## Work to be completed
From the entries below, transcribe exactly the lines between the line holding "Набор головок и" and the line holding "你单位填报的青衣江路(中江路", inclusive; skip all other lines.

## Given data
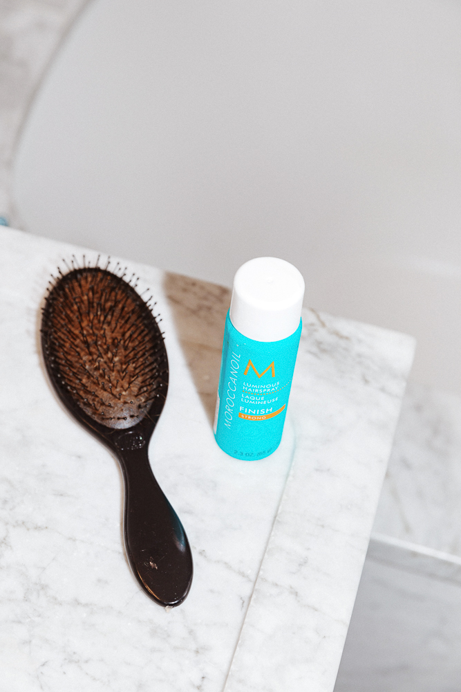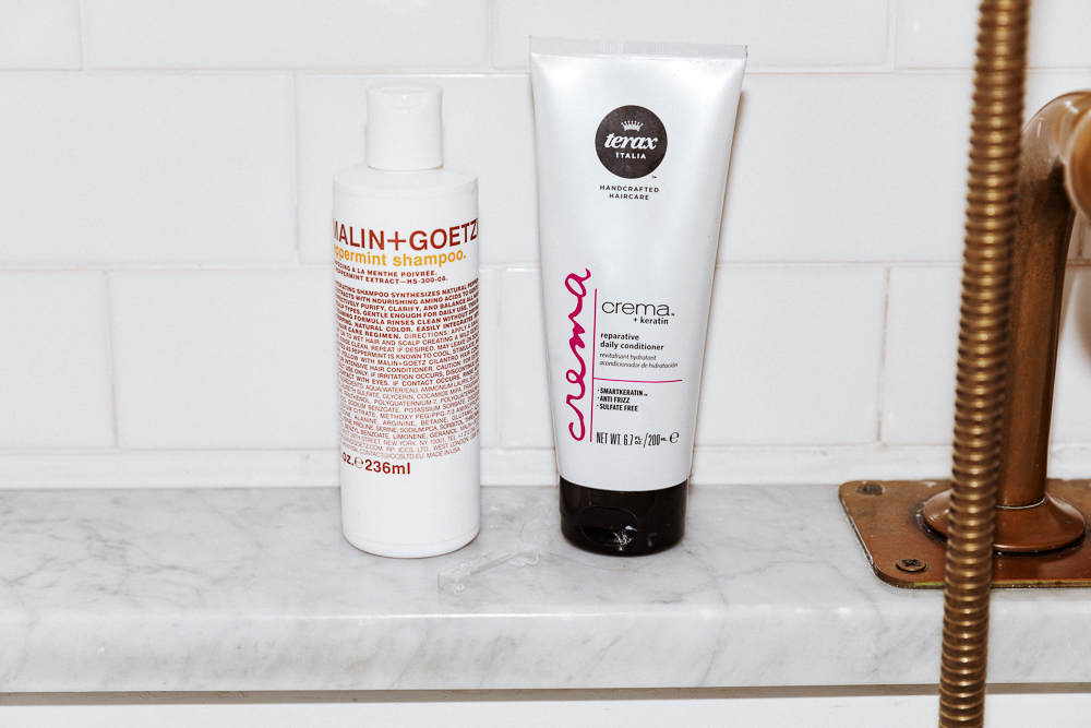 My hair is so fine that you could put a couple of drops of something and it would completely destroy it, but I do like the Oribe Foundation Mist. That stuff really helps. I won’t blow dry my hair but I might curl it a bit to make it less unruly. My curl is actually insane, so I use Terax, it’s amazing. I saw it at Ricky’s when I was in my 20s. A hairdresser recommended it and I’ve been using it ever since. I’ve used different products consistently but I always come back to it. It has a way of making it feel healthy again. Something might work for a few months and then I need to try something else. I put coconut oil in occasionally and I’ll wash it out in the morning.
==
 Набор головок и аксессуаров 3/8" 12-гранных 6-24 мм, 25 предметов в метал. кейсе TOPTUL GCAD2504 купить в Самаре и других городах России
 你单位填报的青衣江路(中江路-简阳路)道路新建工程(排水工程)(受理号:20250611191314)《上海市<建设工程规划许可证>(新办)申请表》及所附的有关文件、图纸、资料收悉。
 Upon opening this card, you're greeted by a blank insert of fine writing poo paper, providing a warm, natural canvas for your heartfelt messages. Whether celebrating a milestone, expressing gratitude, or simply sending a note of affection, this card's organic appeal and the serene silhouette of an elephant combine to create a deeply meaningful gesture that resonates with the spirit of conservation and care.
==
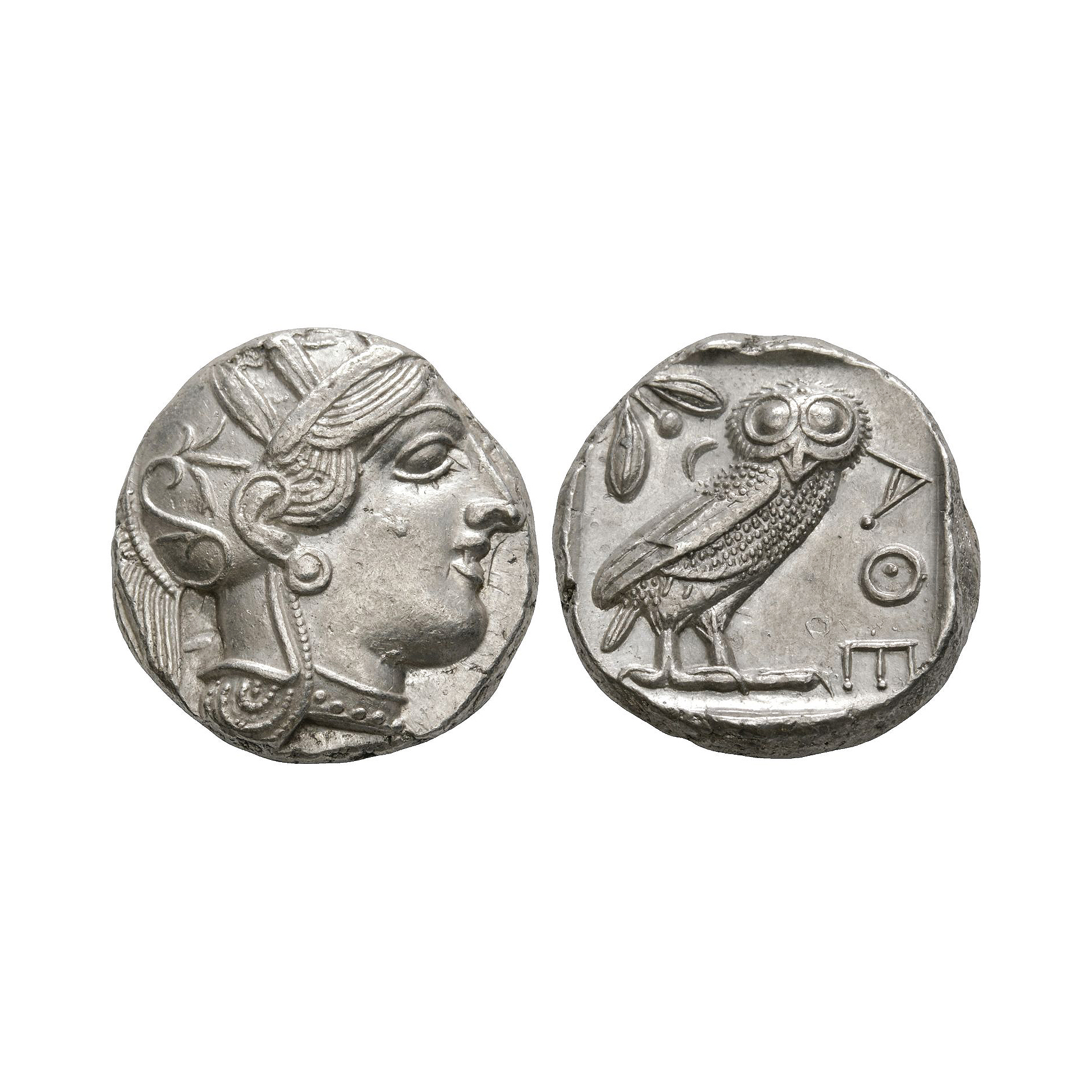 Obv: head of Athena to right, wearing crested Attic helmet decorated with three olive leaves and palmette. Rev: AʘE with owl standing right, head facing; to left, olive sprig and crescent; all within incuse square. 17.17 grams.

## Answer to this problem
 Набор головок и аксессуаров 3/8" 12-гранных 6-24 мм, 25 предметов в метал. кейсе TOPTUL GCAD2504 купить в Самаре и других городах России
 你单位填报的青衣江路(中江路-简阳路)道路新建工程(排水工程)(受理号:20250611191314)《上海市<建设工程规划许可证>(新办)申请表》及所附的有关文件、图纸、资料收悉。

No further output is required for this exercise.